Exercise aim: Skip the pictures. Transcribe the rest of the data below without changing a word.

[Information supplied Boundary: Start]

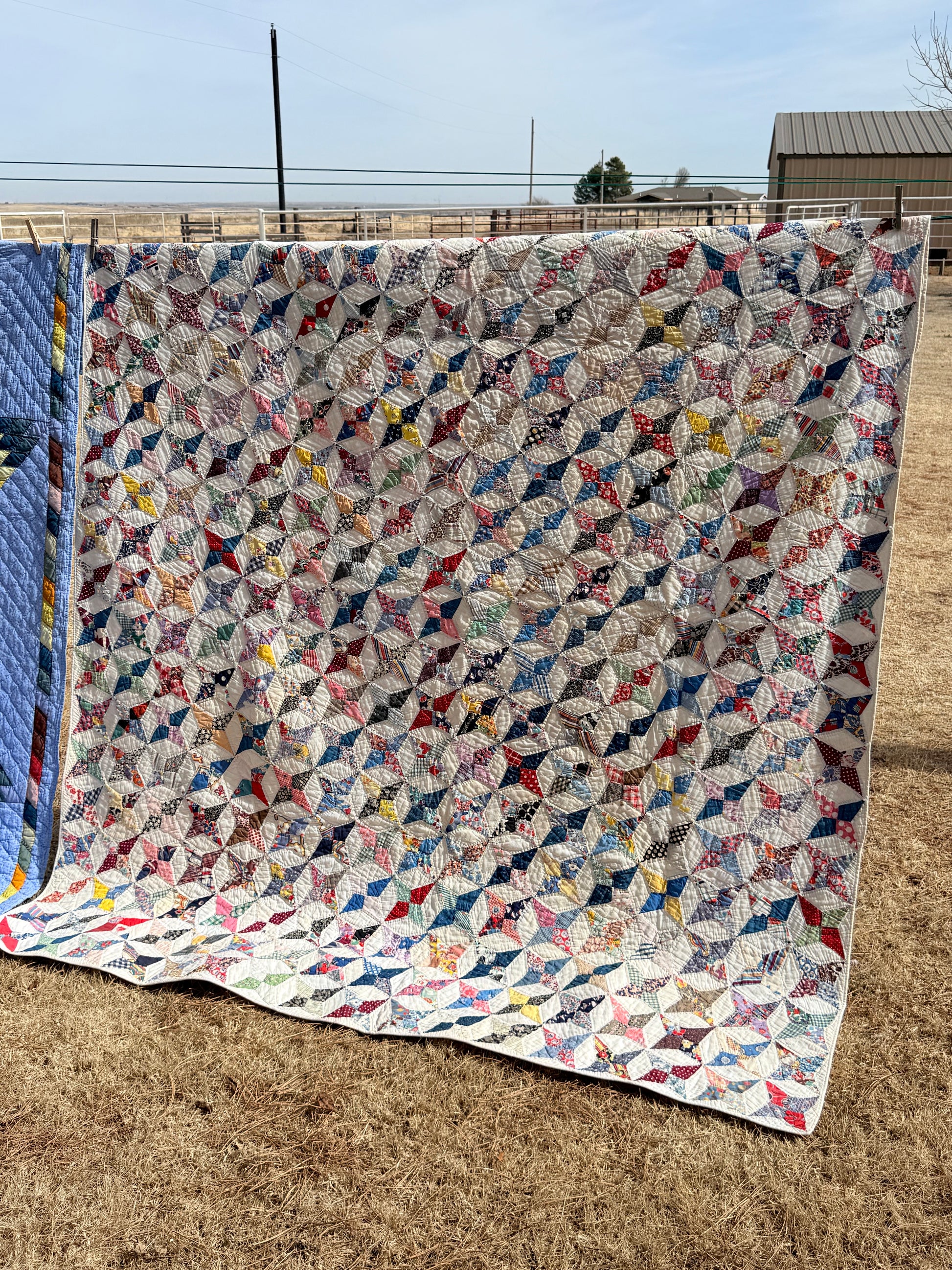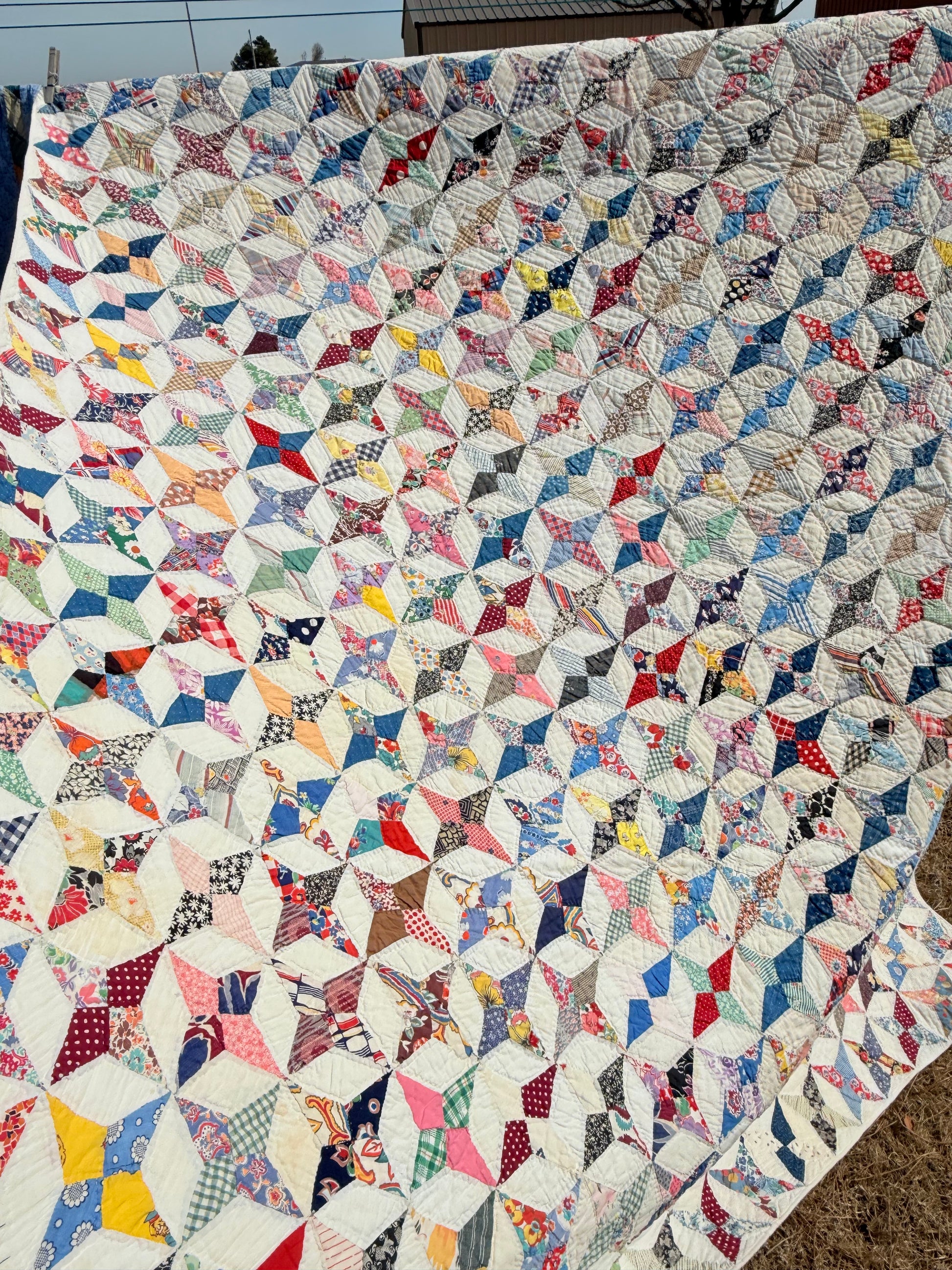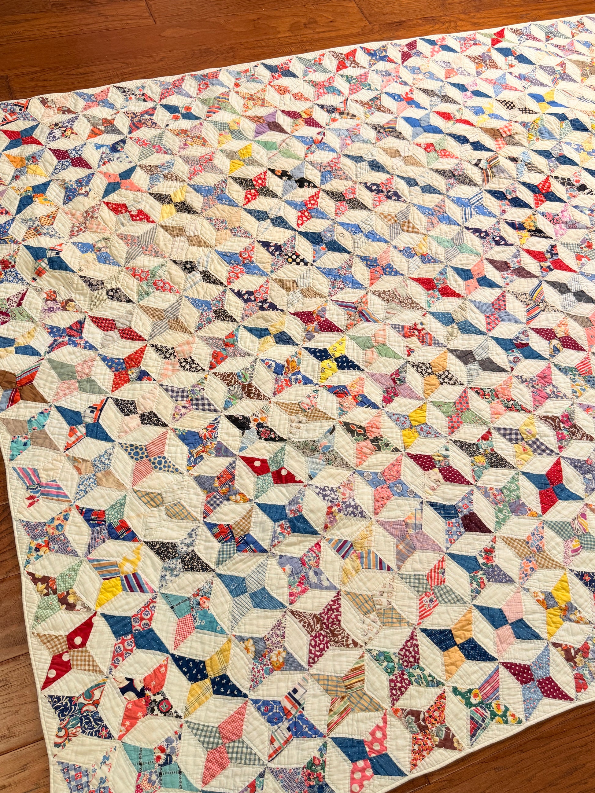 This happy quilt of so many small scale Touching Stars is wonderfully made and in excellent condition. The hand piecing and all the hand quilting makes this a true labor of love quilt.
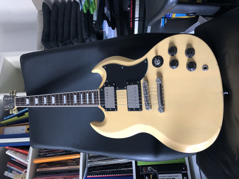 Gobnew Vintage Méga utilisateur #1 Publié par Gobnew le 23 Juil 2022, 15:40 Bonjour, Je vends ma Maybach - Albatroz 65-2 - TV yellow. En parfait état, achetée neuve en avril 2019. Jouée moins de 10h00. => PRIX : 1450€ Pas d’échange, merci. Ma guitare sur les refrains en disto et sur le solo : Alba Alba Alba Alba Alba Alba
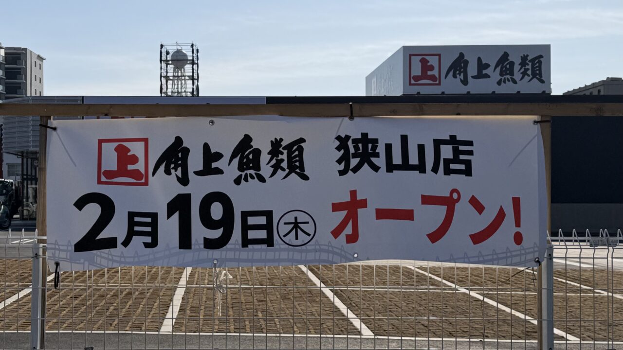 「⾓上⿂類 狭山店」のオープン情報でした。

[Information supplied Boundary: End]

Solution to the exercise:
 This happy quilt of so many small scale Touching Stars is wonderfully made and in excellent condition. The hand piecing and all the hand quilting makes this a true labor of love quilt.
 Gobnew Vintage Méga utilisateur #1 Publié par Gobnew le 23 Juil 2022, 15:40 Bonjour, Je vends ma Maybach - Albatroz 65-2 - TV yellow. En parfait état, achetée neuve en avril 2019. Jouée moins de 10h00. => PRIX : 1450€ Pas d’échange, merci. Ma guitare sur les refrains en disto et sur le solo : Alba Alba Alba Alba Alba Alba
 「⾓上⿂類 狭山店」のオープン情報でした。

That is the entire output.